Shall I go first? I think again, in line with some of the philosophy of the book, being able to take different perspectives on technical problems is really key for your leadership growth. And so looking for opportunities to play different roles in projects, even for a short time, it gives you that understanding of what other stakeholders require and how to make them successful as you aim to be successful yourself. Yep, I thought of 2. So 1 is I call it focus, function and fire.
So this was an idea I got from Todd Henry in his book I think Taming Tigers. So we are building things every day. Teams can get distracted with many things. So how can we to set our team up
for success? How can we give them that focus, that clear mission, the milestone, the why we're doing it for the customers, the benefit for the business, the business case, Like how will this benefit, you know, the metrics that we care about function, you know, the way of working instead of throwing work or communications over two teams. If have we got the right way of working and fire, you know, meaning the kind of implicit motivation like why are we doing this?

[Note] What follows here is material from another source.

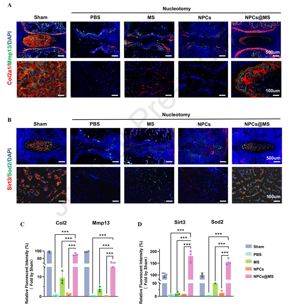 3、实验表明,微球不仅能高效清除H2O2、O2-、·OH等ROS,还能上调NPCs内抗氧化蛋白Sirt3和Sod2的表达,保护细胞活力及生理功能。

How is this helping people? How is this helping business? So that that for me is one principle I take to my teams. The second one was really interesting. We covered this in the book as well about trust and psychological safety. So when it's absent from the room, then a simple conversation becomes a process of bureaucracy. OK, I got to write up this documentation. We've got to pre read it and let's have a meeting in two weeks to discuss.

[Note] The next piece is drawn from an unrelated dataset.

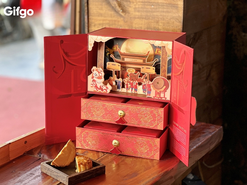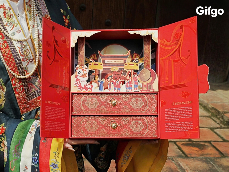 Hộp bánh Lam Kinh được thiết kế với quy cách cánh bướm tích hợp nam châm, đảm bảo sự chắc chắn và mang lại cảm giác sang trọng khi sử dụng. Phần nắp hộp là bức tranh 3D sống động, tái hiện khung cảnh lễ hội với độ chân thực đáng kinh ngạc. Bên dưới, ngăn kéo hai tầng đựng 4 bánh được gia công tỉ mỉ với khuy kéo mạ đồng cao cấp, vừa tiện lợi vừa tăng thêm vẻ đẹp tinh xảo.

And when it's also not there, then team members are afraid to voice concerns of how things might fail. So then we continue to track down the wrong direction. So, yeah, as kind of tech leaders, how do we make sure we have, you know, embody and encourage and ensure we have the psychological safety in the team so that we can all do our best? Work on David's final point. This is what I would say that idea of trust is, is also really important in a multidisciplinary
team and innovative initiatives. Under certain under conditions of uncertainty, we want anyone to be able to speak out with good ideas or concerns that things might be broken. And so to be able to create those serendipitous moments as well as the well understood moments that trust facilitates is a pretty key focus for leaders. Yeah, I like the last aspect that you mentioned about
psychological safety. So you also mentioned that if it's not there, right, things can tend to become like a bureaucratic kind of thing, right? So I think that's really a good plot. So if people want to, you know, learn more about these exciting things that you mentioned in the book, or if they want to discuss with you, maybe is there a place where they can find any of you
or both of you online? Yeah, you can find me on LinkedIn, David Coles. Yep, and I'm David Feidt and I can share a link in the show notes or we can share a link in the show notes. And our book Effective Machine Learning Teams is also the 1st chapter. And the preface, actually, sorry, the preface is available for free on the link that we can share in the show notes. So that gives you an overview of everything we've talked about in this podcast in seven pages. And also the book itself.
We can look in the show note on where you can yeah, read or listen to it. Thank you so much. So it's been a pleasure to have both of you David's in the show. So I hope people learn a lot about the aspects of machine learning model and software engineering good practices anyway at the end. Yeah, Thanks so much, Henry. This is a great chat. Thanks for having us, Henry. That was great.